Prompt
Set down exactly the lines that run from the one containing "Entre los temas" to the end of the material below, both included, without pictures.

Data
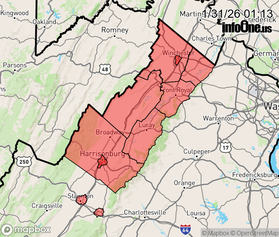 Canceled 1/31/26 9:48 AM Cold Weather Advisory issued January 31 at 1:12AM EST until February 1 at 1:00PM EST by NWS Baltimore MD/Washington DC * WHAT... Bitter cold wind chills as low as 17 below expected. * WHERE... Clarke, Frederick VA, Page, Shenandoah, Warren, Augusta, and Rockingham Counties. * WHEN... From 10 PM this evening to 1 PM EST Sunday. * IMPACTS... The cold wind chills as low as 15 below zero could result in hypothermia or frostbite if precautions are not taken. ![]() |
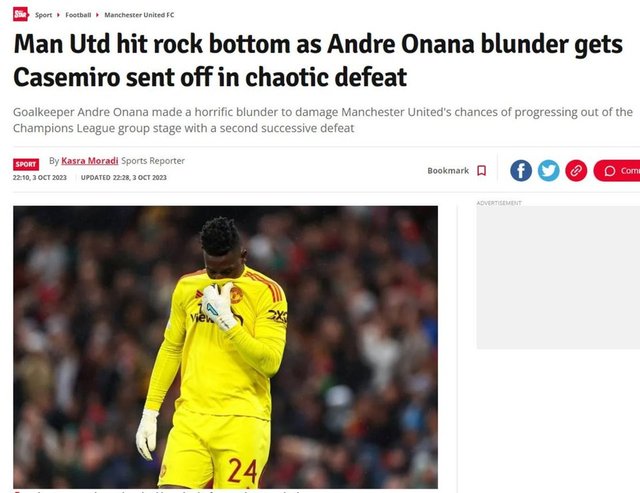 Daily Star: Onana'nın hatası sonrası Casemiro'nun atılmasıyla kaotik bir yenilgiye uğrayan ManU dibe vurdu.
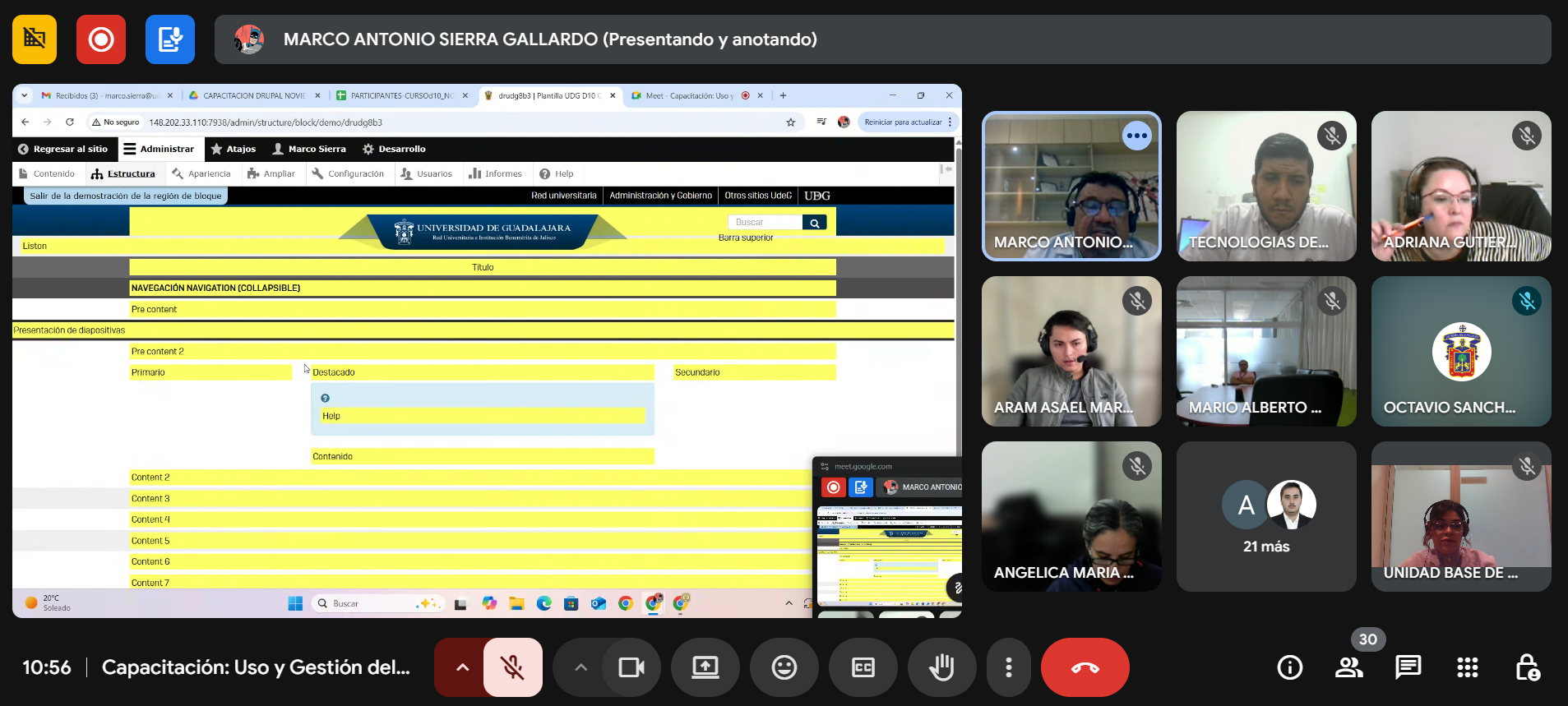 Entre los temas revisados en las sesiones se encuentran: la publicación de contenido en sitios web, el uso de bloques, creación de vistas y tareas de administración general del sitio. Se revisaron, además, los diferentes tipos de contenido disponibles en la plantilla del Modelo Web de la Universidad de Guadalajara y la aplicación de estilos con el uso de CSS, con la finalidad de sacar el mayor provecho a estas herramientas para la construcción de portales universitarios adecuados y accesibles para todas y todos.
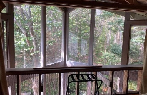 The living room offers expansive, 180-degree ocean views from seating around the coffee table---perfect for a cocktail-hour gathering, and equally inviting for an afternoon siesta or snuggling by the fire with a book. The open kitchen and dining room look out over a fresh-water stream that babbles through the pine forest just behind the house. The dining table expands to seat 10. A pass-through window from the dining/kitchen area to the screened porch is handy for serving blueberry pancake breakfasts. On the porch you can enjoy a cup of coffee while watching the lobster boats bring in their haul. A 'prow'-like sun deck opens off the screened porch and juts out over the shoreline.

Your response
 Entre los temas revisados en las sesiones se encuentran: la publicación de contenido en sitios web, el uso de bloques, creación de vistas y tareas de administración general del sitio. Se revisaron, además, los diferentes tipos de contenido disponibles en la plantilla del Modelo Web de la Universidad de Guadalajara y la aplicación de estilos con el uso de CSS, con la finalidad de sacar el mayor provecho a estas herramientas para la construcción de portales universitarios adecuados y accesibles para todas y todos.
 The living room offers expansive, 180-degree ocean views from seating around the coffee table---perfect for a cocktail-hour gathering, and equally inviting for an afternoon siesta or snuggling by the fire with a book. The open kitchen and dining room look out over a fresh-water stream that babbles through the pine forest just behind the house. The dining table expands to seat 10. A pass-through window from the dining/kitchen area to the screened porch is handy for serving blueberry pancake breakfasts. On the porch you can enjoy a cup of coffee while watching the lobster boats bring in their haul. A 'prow'-like sun deck opens off the screened porch and juts out over the shoreline.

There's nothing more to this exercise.